╭──

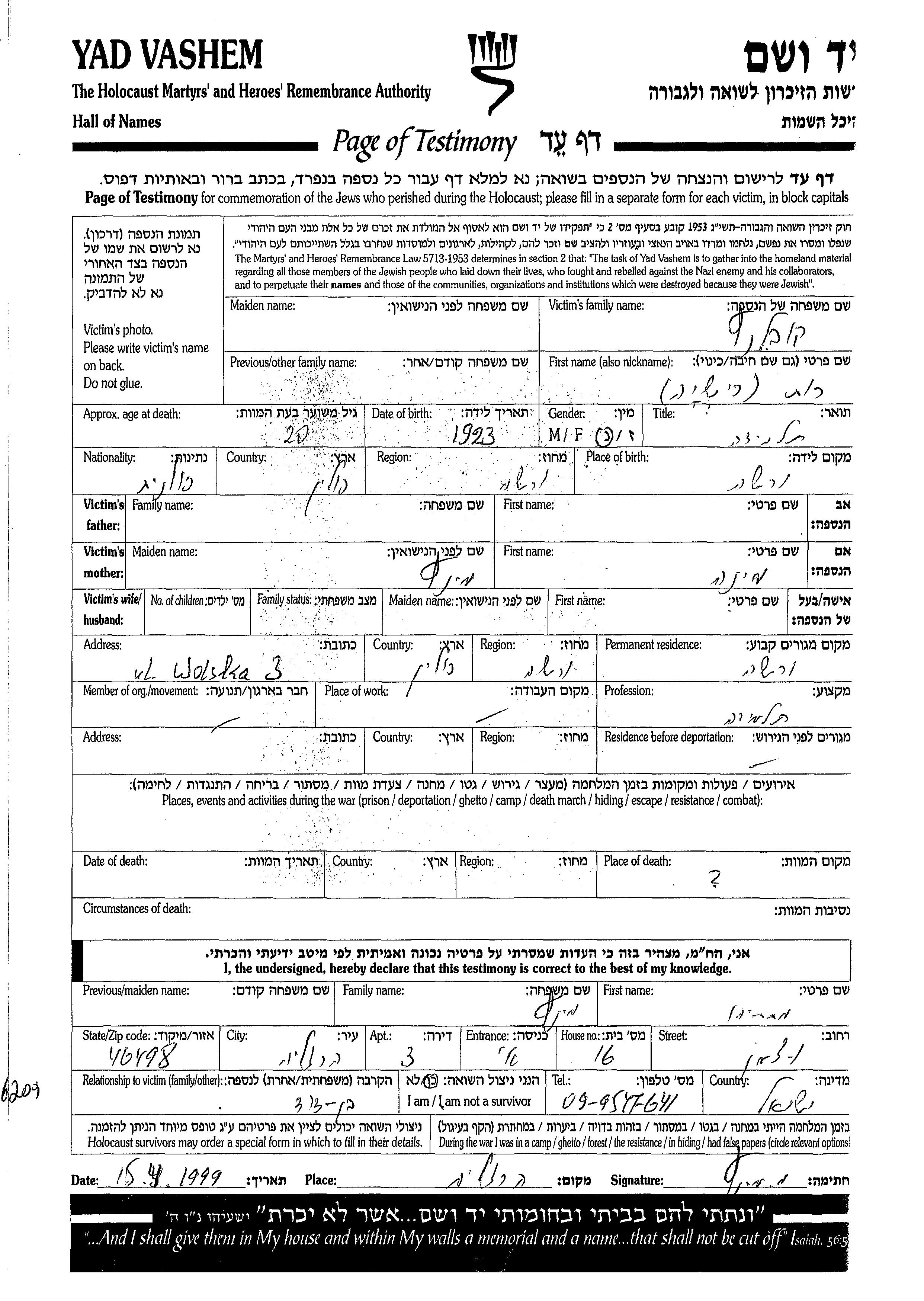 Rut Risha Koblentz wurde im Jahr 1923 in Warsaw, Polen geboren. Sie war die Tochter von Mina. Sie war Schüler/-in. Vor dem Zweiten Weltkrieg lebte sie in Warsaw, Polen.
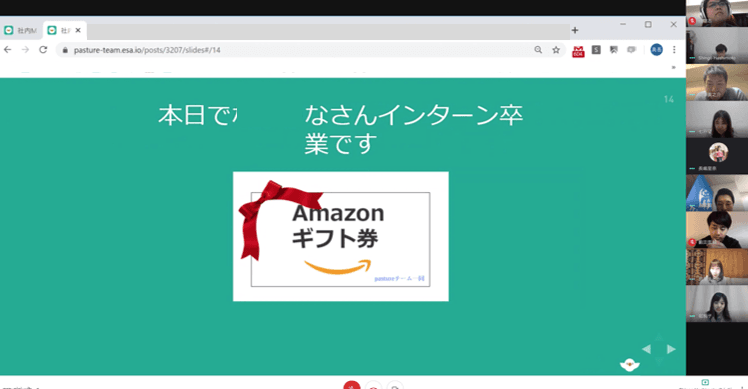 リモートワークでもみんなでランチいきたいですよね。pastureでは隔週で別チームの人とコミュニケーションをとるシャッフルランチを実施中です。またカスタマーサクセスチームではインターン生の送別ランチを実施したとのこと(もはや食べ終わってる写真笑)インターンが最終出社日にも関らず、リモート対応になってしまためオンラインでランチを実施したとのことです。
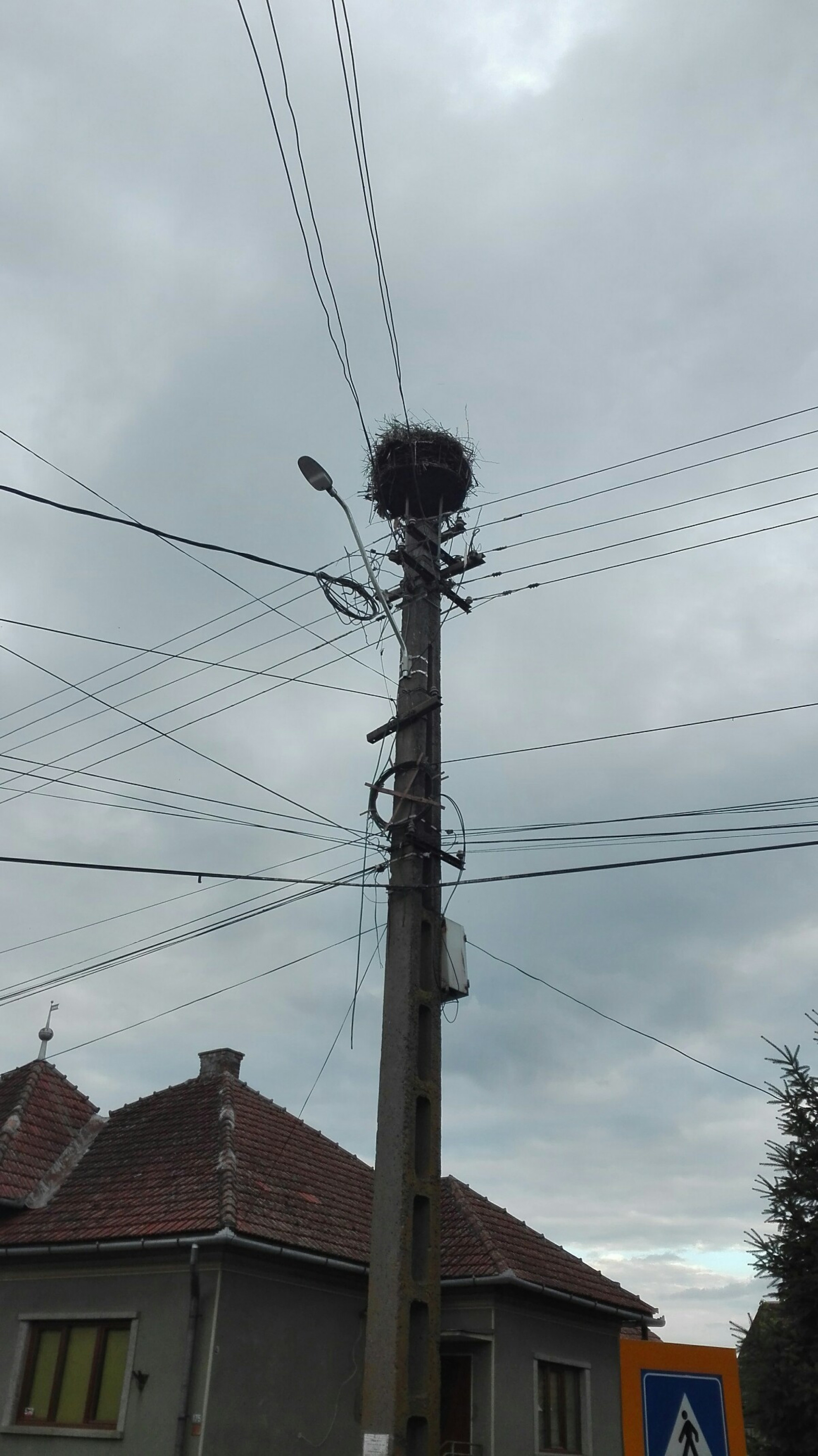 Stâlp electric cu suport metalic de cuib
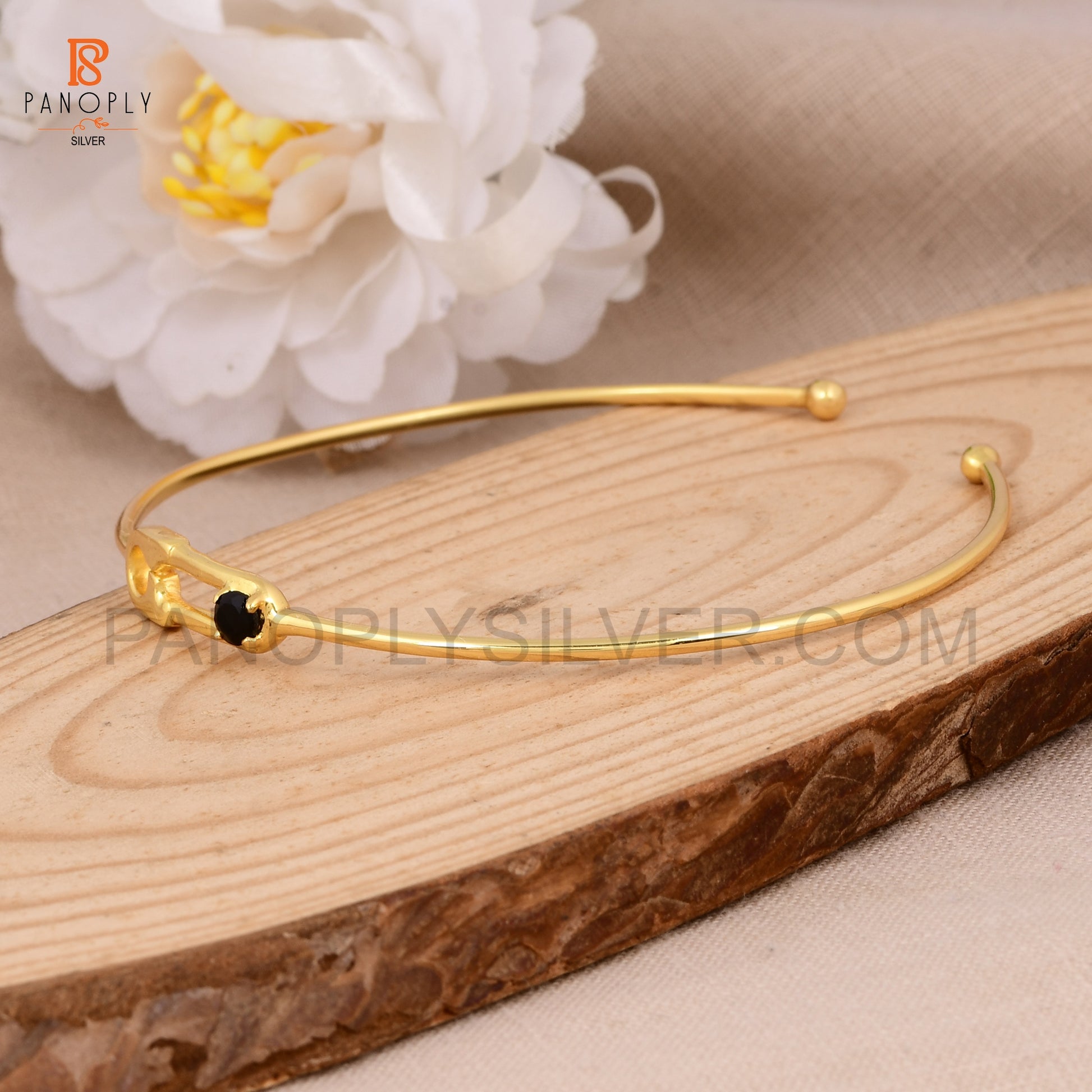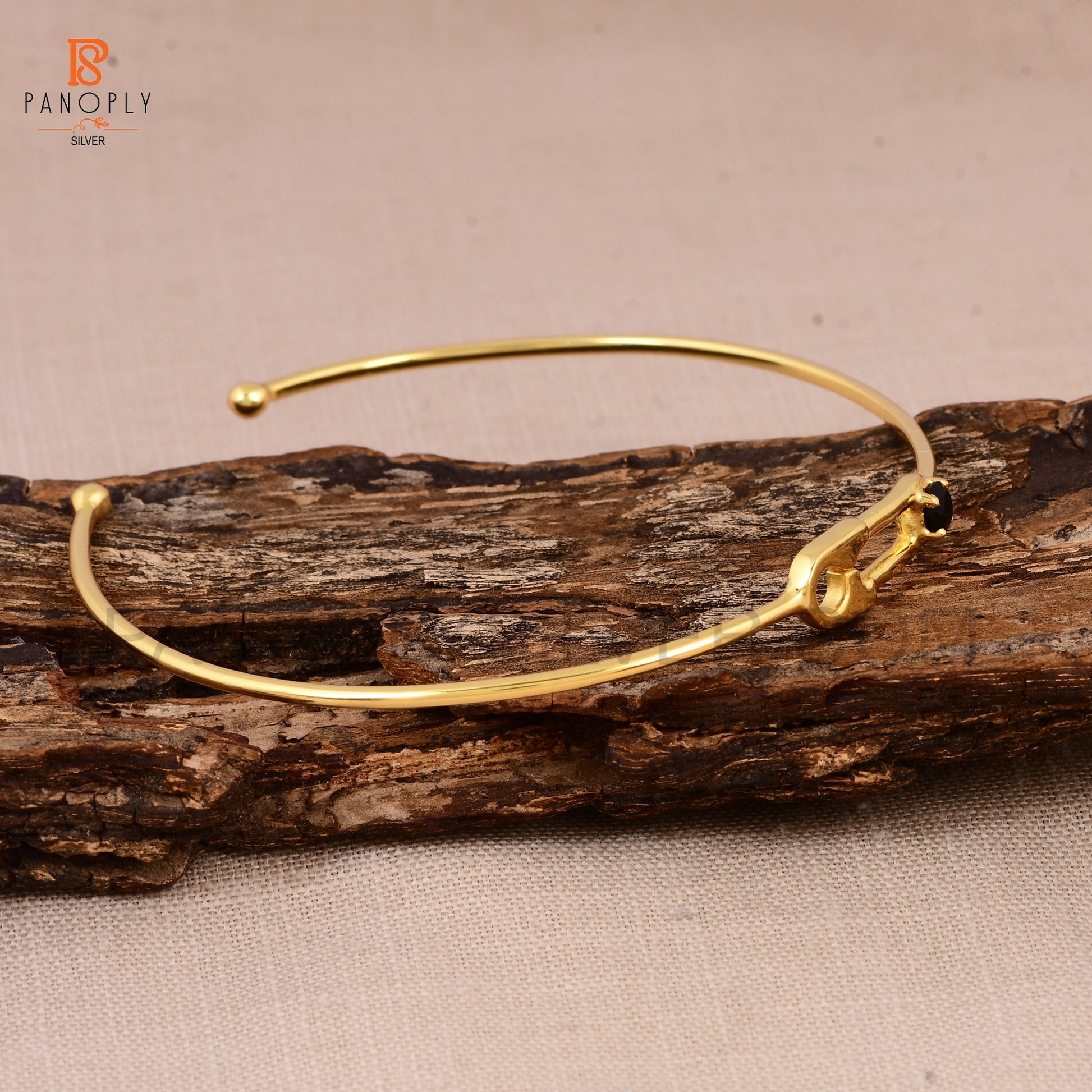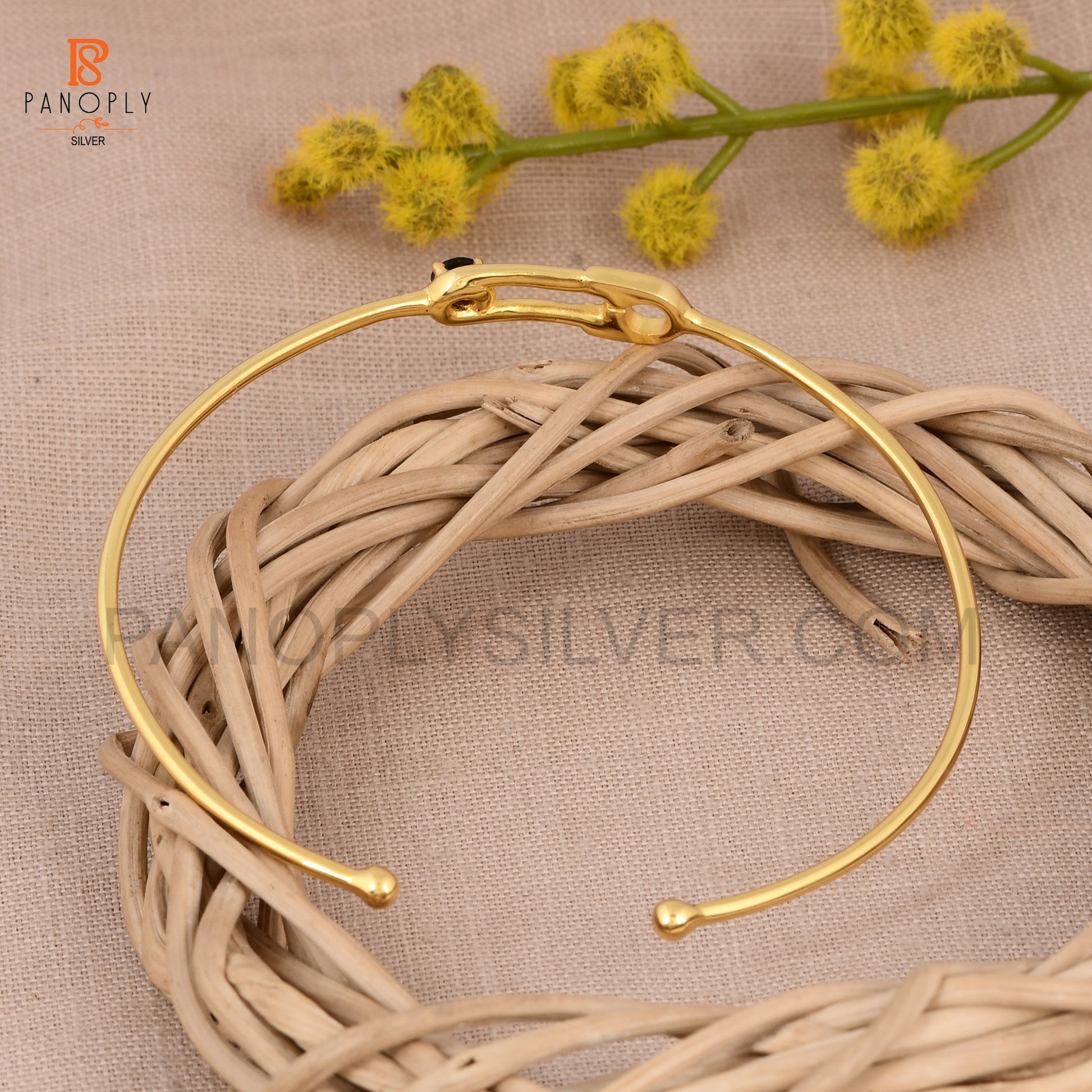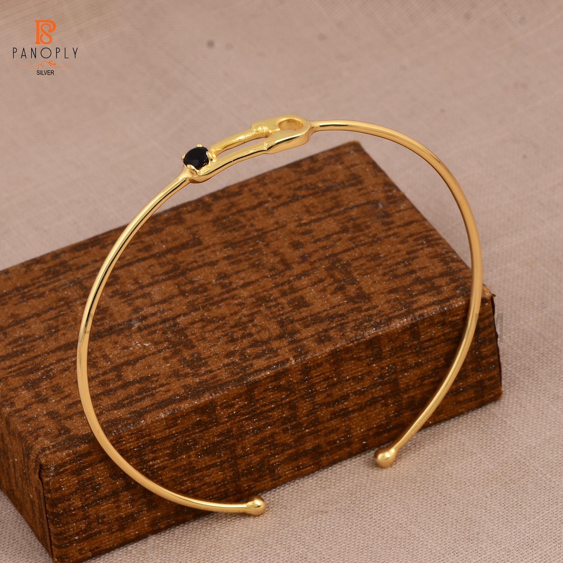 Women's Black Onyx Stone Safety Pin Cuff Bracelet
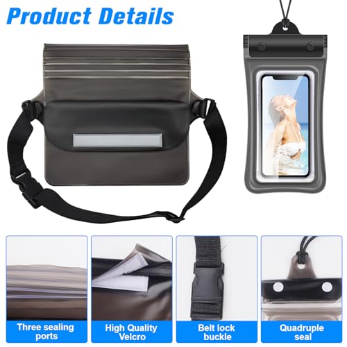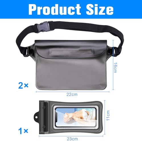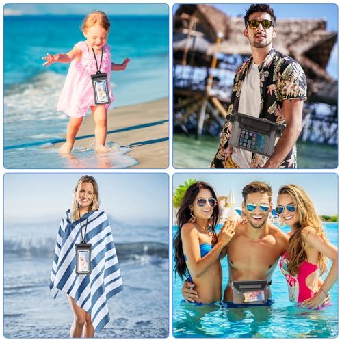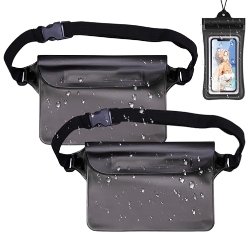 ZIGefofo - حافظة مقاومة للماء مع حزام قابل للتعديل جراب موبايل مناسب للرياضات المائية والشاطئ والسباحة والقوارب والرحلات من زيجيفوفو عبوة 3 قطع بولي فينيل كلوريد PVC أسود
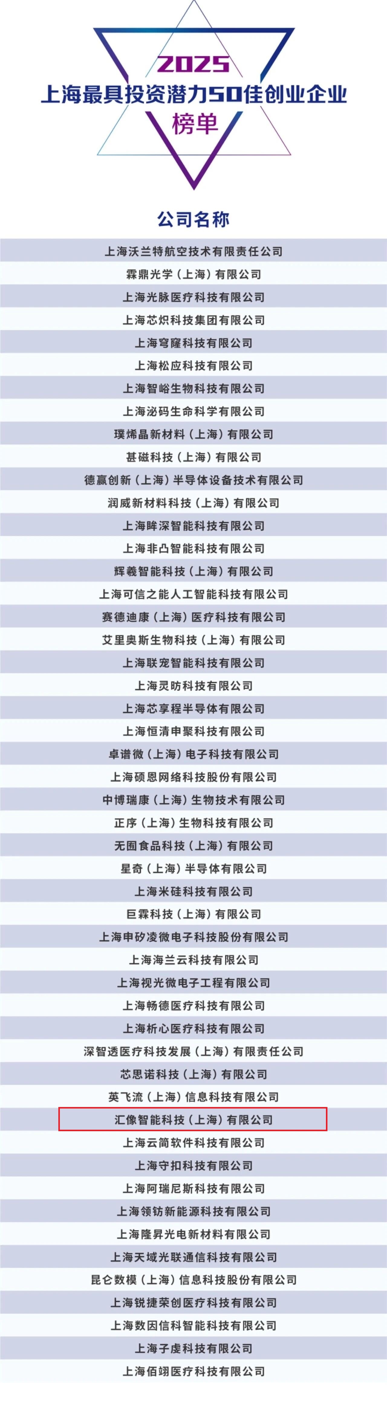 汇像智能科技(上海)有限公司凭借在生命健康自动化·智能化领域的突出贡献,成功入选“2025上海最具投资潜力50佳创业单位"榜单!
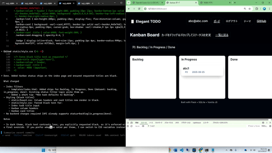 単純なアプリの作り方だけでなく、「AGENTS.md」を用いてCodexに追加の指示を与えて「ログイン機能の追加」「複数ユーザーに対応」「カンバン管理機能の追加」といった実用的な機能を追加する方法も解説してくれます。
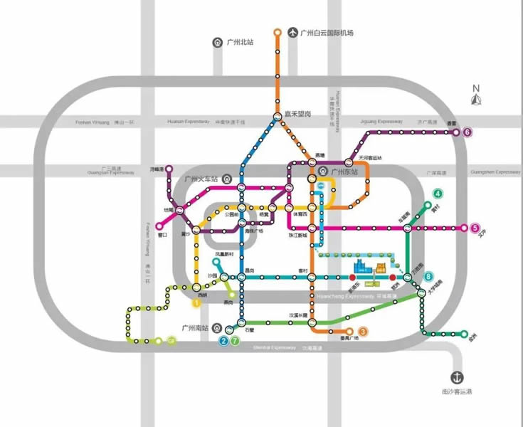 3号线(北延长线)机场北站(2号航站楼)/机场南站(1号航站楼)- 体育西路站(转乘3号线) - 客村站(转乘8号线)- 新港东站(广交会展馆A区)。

╰──

◆ Task requirements:
Retype the entries exactly, skipping every picture.

◆ Reply to the task:
 Rut Risha Koblentz wurde im Jahr 1923 in Warsaw, Polen geboren. Sie war die Tochter von Mina. Sie war Schüler/-in. Vor dem Zweiten Weltkrieg lebte sie in Warsaw, Polen.
 リモートワークでもみんなでランチいきたいですよね。pastureでは隔週で別チームの人とコミュニケーションをとるシャッフルランチを実施中です。またカスタマーサクセスチームではインターン生の送別ランチを実施したとのこと(もはや食べ終わってる写真笑)インターンが最終出社日にも関らず、リモート対応になってしまためオンラインでランチを実施したとのことです。
 Stâlp electric cu suport metalic de cuib
 Women's Black Onyx Stone Safety Pin Cuff Bracelet
 ZIGefofo - حافظة مقاومة للماء مع حزام قابل للتعديل جراب موبايل مناسب للرياضات المائية والشاطئ والسباحة والقوارب والرحلات من زيجيفوفو عبوة 3 قطع بولي فينيل كلوريد PVC أسود
 汇像智能科技(上海)有限公司凭借在生命健康自动化·智能化领域的突出贡献,成功入选“2025上海最具投资潜力50佳创业单位"榜单!
 単純なアプリの作り方だけでなく、「AGENTS.md」を用いてCodexに追加の指示を与えて「ログイン機能の追加」「複数ユーザーに対応」「カンバン管理機能の追加」といった実用的な機能を追加する方法も解説してくれます。
 3号线(北延长线)机场北站(2号航站楼)/机场南站(1号航站楼)- 体育西路站(转乘3号线) - 客村站(转乘8号线)- 新港东站(广交会展馆A区)。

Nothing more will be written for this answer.